John has taught 6th Grade Mathematics through Geometry and has a Master's degree in Education

In this lesson, you will learn to determine the initial value of a function by studying functions in the form of word problems, graphs and linear equations.

Initial Value of a Function

Almost everybody today has a cell phone. Some people have very basic phones; others have their brothers' and sisters' old phones; some people have really beat-up phones! Well, pretty soon, that one big computer company will be releasing the latest and greatest new phone and everybody's going to want one, especially me!

But in order to afford that new phone, I'm going to have to sign a contract. A contract is a document that says you can get the new phone for a special price as long as you agree to stay with the cellular company for two years and make monthly payments for your data usage, texts and calls. This is a great example of the initial value of a function.

The initial value of a function is the point at which a function begins. Well, that makes sense, but what does it really mean? A function is a mathematical relation into which we input values of a domain that generate output values of a range. Let's take a step back to our phone example to help break this concept down a little.
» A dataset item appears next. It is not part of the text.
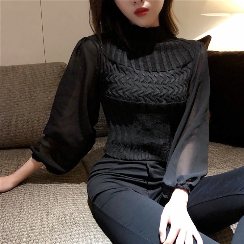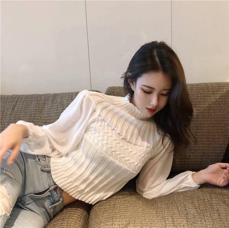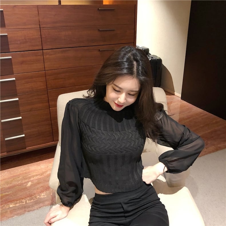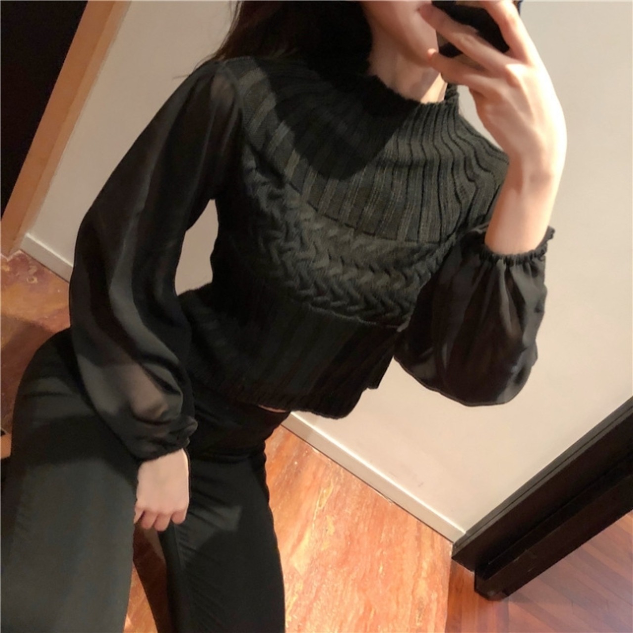 トップス ニットソー セーター ショート ショート丈 袖あり 長袖 パフスリーブ フレンチスリーブ ハイネック タートルネック スリム タイト 細身 シフォン 切り替えデザイン リブ リブニット 透け感 シースルー かわいい 大人可愛い 大人 おしゃれ お洒落 レトロ 大人可愛い 大人女子 こなれ感 キュート 抜け感 秋 冬 10代 20代 レディース 女性用 デート お出かけ 女子会 お泊まり 休日 イベント リゾート 旅行 高原 ホテル ガーデン レストラン 着回し コーデ モテ S M L

Suppose that when it's released, the cost of the latest, greatest, coolest phone is $650, but you can get it for only $200 as long as you're willing to sign a contract. That contract is going to include your agreement to a two-year agreement with a plan including voice, data and text. Hang on a minute. All those words mean that your phone isn't really going to cost you just $200. It means that you start by paying $200, but then you pay an amount, say $110, every month for two years.

Your initial value was just the beginning! Your phone actually will cost you $2,840 over the time of two years. I wonder if I can buy the phone without a contract? It will probably cost a lot more, but it might be worth it, but then I would have to pay for data anyways.

Mathematical Examples

Let's take a look at some strictly mathematical functions. Consider the example f(x) = 2x + 10.

Maybe you could think of this standing for the cost of riding rides at a carnival. It costs $10 to get in, but it will cost you $2 more for every ride you get on. In this case, the initial value of the function is 10. In other words, if you ride 0 rides and just go to the fair, it will cost you $10.